Stephen takes Denise's dad out for a private talk. He interviews that he thought it was "his duty" to ask Dad whether he could marry Denise. Ah, yes, the discussion about transfer of ownership. So charming, that. Back in the pizza kitchen among the sauce and the crusts, Stephen acknowledges to Denise's dad that "this is not your standard situation," but he would like to ask "for [his] daughter's hand." You know, I don't completely hate the idea of having a conversation with a girl's family when you want to marry her, but the idea of actually singling out her dad and specifically making the "hand" remark is just...a little more than I can endorse. It's only a few steps short of the girl's family presenting the guy's family with a dowry consisting of three cows and a goat.
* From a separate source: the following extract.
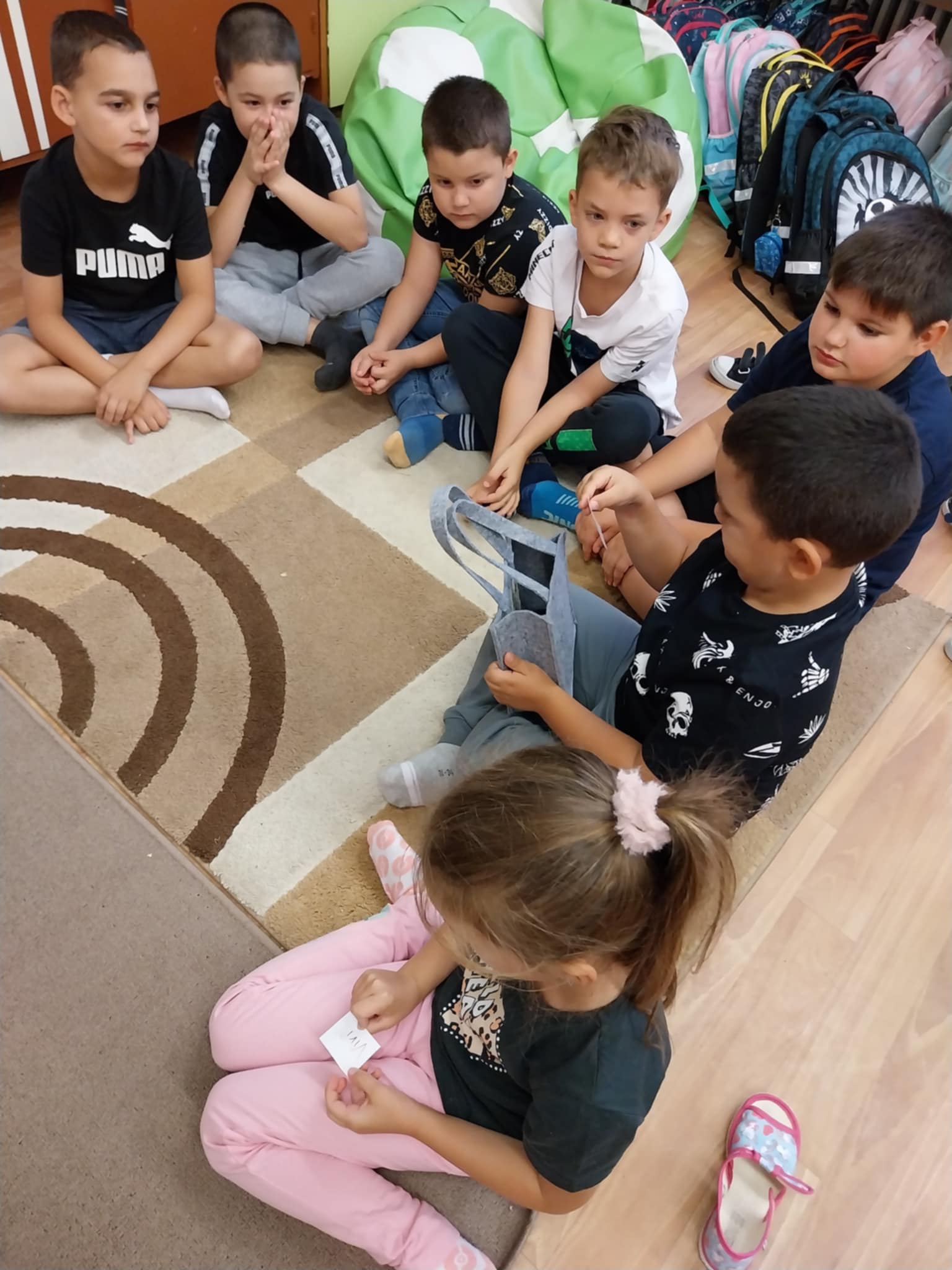 Minden gyermek neve egy zsákba került, majd húztak belőle. Aznap annak a társuknak kedveskedtek valamivel. Hogyan kedveskedjünk? Tigris Tibort körbeadva mindenki elmondta, számára mi számít kedvességnek. Az elő osztálynak az ovisok feladataiból válogattam.

And in this case, I guess, a frozen lasagna. Denise's dad basically says, "Yeah, marry her, that's fine," and they shake hands. Wow, that was a warm moment. Dad interviews that he was happy that Stephen had "the courtesy and decency" to ask him about marrying Denise. Hey, that's almost exactly what happened with Trista's dad and Ryan! Wait, are we sure that isn't Trista's dad? Anyway, whatever works on The Bachelor, I guess, is a safe bet for life. "I think they're going to make a great couple," Dad tells us. Back in the pizza kitchen, he says to Stephen, "Have a lot of little ones." This presumably reminds Stephen that if he marries Denise, he will have to touch her, so he's all ooged out again. Now that we've seen Denise's dad give Stephen the go-ahead, Stephen againterviews that Denise's dad gave him the go-ahead. A big family picture is taken. Cheese! (In more ways than one.)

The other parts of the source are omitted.